RU2005138164A

RU2005138164A - METHOD FOR RECOGNIZING TEXT INFORMATION FROM VECTOR-RASTER IMAGE

Info

Publication number: RU2005138164A
Application number: RU2005138164/09A
Authority: RU
Inventors: гин Дмитрий Георгиевич Дер (RU); Дмитрий Георгиевич Дерягин; В чеслав Михайлович Сапроненко (RU); Вячеслав Михайлович Сапроненко
Original assignee: "Аби Софтвер Лтд." (CY); "Аби Софтвер Лтд."
Priority date: 2005-12-08
Filing date: 2005-12-08
Publication date: 2007-06-20
Also published as: US20070133029A1; RU2309456C2

Claims

1. The method of pre-processing of a vector-raster image of a graphic file containing a text image, characterized

the presence of text, and / or raster, and / or vector objects,

dividing the image into areas supposedly containing paragraphs, tables, lines of text, text characters, non-text objects;

characterized in that the following operations are performed using file formatting attributes:

the image is split up to areas containing inextricably logically linked text of the largest size,

processing of text objects,

processing raster objects,

processing of vector objects,

removal of redundant and redundant information,

processing of objects not related to text, raster, vector, like raster,

analysis of each object, taking into account all the available results of processing other objects;

moreover, obtaining areas containing inextricably logically linked text of the largest size, includes at least the following steps:

splitting the image into areas supposedly containing text,

analysis of neighboring areas for the possibility of combining into a larger area;

moreover, the processing of these text objects includes at least the following steps:

a breakdown into individual characters and groups of characters according to the proposed placement of spaces and / or other non-displayable characters,

analysis and integration of groups of characters into words;

moreover, the processing of these vector objects includes, at least, the identification of separators, background, substrates in the block; moreover, the processing of these raster objects includes at least the following steps:

analysis for the presence of a text image in non-text objects, and / or

analysis for the presence of vector objects other than separators, including those that go beyond the boundaries of the object.

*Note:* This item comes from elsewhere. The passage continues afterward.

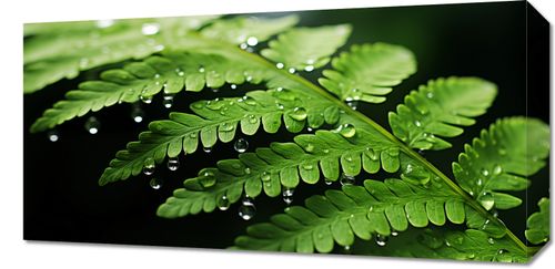 Obraz z serii natura zatytułowany Szepty Natury, prezentuje zbliżenie na liść paproci okryty kropelkami rosy, które lśnią jak drogocenne klejnoty na jego witalnie zielonej powierzchni. Delikatność każdej kropli wody, zawieszonej jakby na skraju czasu, oddaje spokój i harmonię natury, jednocześnie przywołując uczucie świeżości i ożywienia. Tło obrazu jest głębokie i jednolite, co pozwala zaakcentować jasne zieleń liści i przezroczystość wody. Ten obraz może być symbolem czystości i nowych początków, idealnie wkomponuje się w przestrzenie skoncentrowane na zdrowiu i dobrostanie, takie jak gabinety lekarskie, spa, czy też jako element dekoracyjny w łazienkach i pomieszczeniach relaksacyjnych, przynosząc uczucie spokoju i odświeżenia.

2. The method according to claim 1, characterized in that it further includes an analysis of the correctness of the encoding, and, if necessary, correction.

3. The method according to claim 2, characterized in that to assess the correctness of the encoding, individual characters are analyzed for belonging to a given alphabet, and words of a text for belonging to a given dictionary.

4. The method according to claim 2, characterized in that if the use of all other available methods does not allow to obtain a sufficiently reliable result, the text block is sent for text recognition.

5. The method according to claim 1, characterized in that the deleted redundant and redundant information includes at least the following types:

a) information for shading characters,

b) extra attributes.

6. The method according to claim 1, characterized in that the breakdown into separate characters and groups of characters includes at least the conversion of the absolute coordinates of the characters into groups, separated by spaces.

7. The method according to claim 1, characterized in that the analysis and compilation of groups of characters in words includes at least the following actions:

a) the conversion of the absolute coordinates of the characters in groups separated by spaces,

b) determining the orientation of the text,

c) the identification of the text written in the superscript position,

d) the identification of the text written in the position of the lower index,

e) identification of the text written in the form of an initial letter.